2. **Update the PR description** with the results table using img402 URLs so images render inline:
Read the current PR body first (`gh pr view --json body`), then append a new section:
```markdown
## Browser Test: <feature-name>
| # | Scenario | Result | Screenshot |
|---|----------|--------|------------|
| 1 | <name> | PASS |  |
```
Use `gh api repos/langwatch/langwatch/pulls/<number> -X PATCH -f body="..."` to update (not `gh pr edit`).
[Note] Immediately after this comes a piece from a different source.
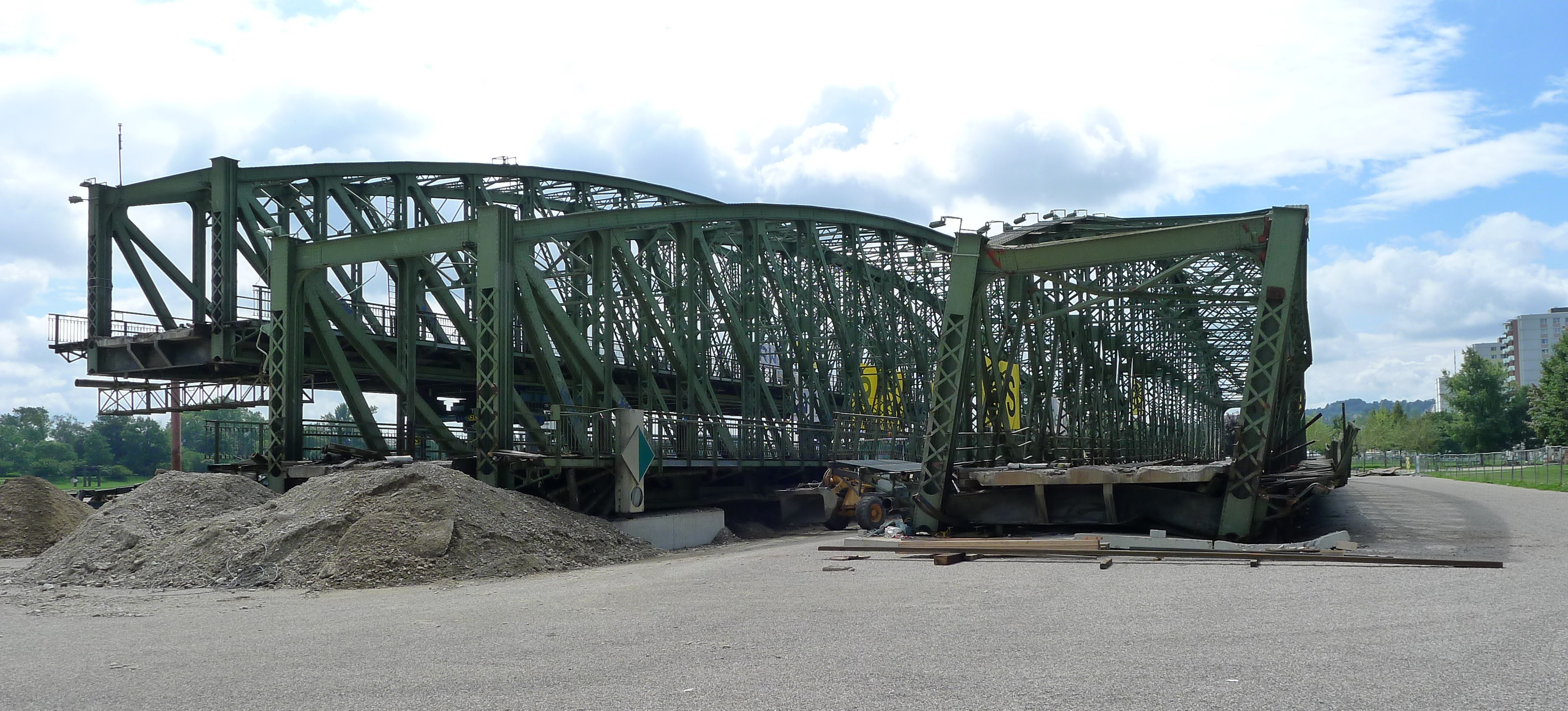 Demolition of Linz Railway Bridge - the 3 main bridge segments on the riverside

3. **Do NOT commit `browser-tests/`** — it is gitignored. Screenshots are ephemeral local artifacts; the img402 URLs in the PR body are the permanent record.
## Step 6: Report
Return the summary to the user/orchestrator. Include:
- The results table
- Link to the PR where screenshots are now visible
- Note: img402.dev free tier has 7-day retention; screenshots expire but remain in the PR body as broken images after that
## Rules
- **You are the orchestrator, not the browser driver.** Spawn a sub-agent for all browser work.
- **Never ask the user for anything.** Ports, credentials, features, browser choice — all resolved automatically.
- **Read `HOW_TO.md`** in this skill directory before your first run — it has gotchas about Chakra UI, dev mode slowness, and known issues. Include relevant warnings in the sub-agent prompt.
- **One sub-agent per run.** If it fails or times out, report the failure — don't retry.
- **Don't create test files.** This is interactive verification only.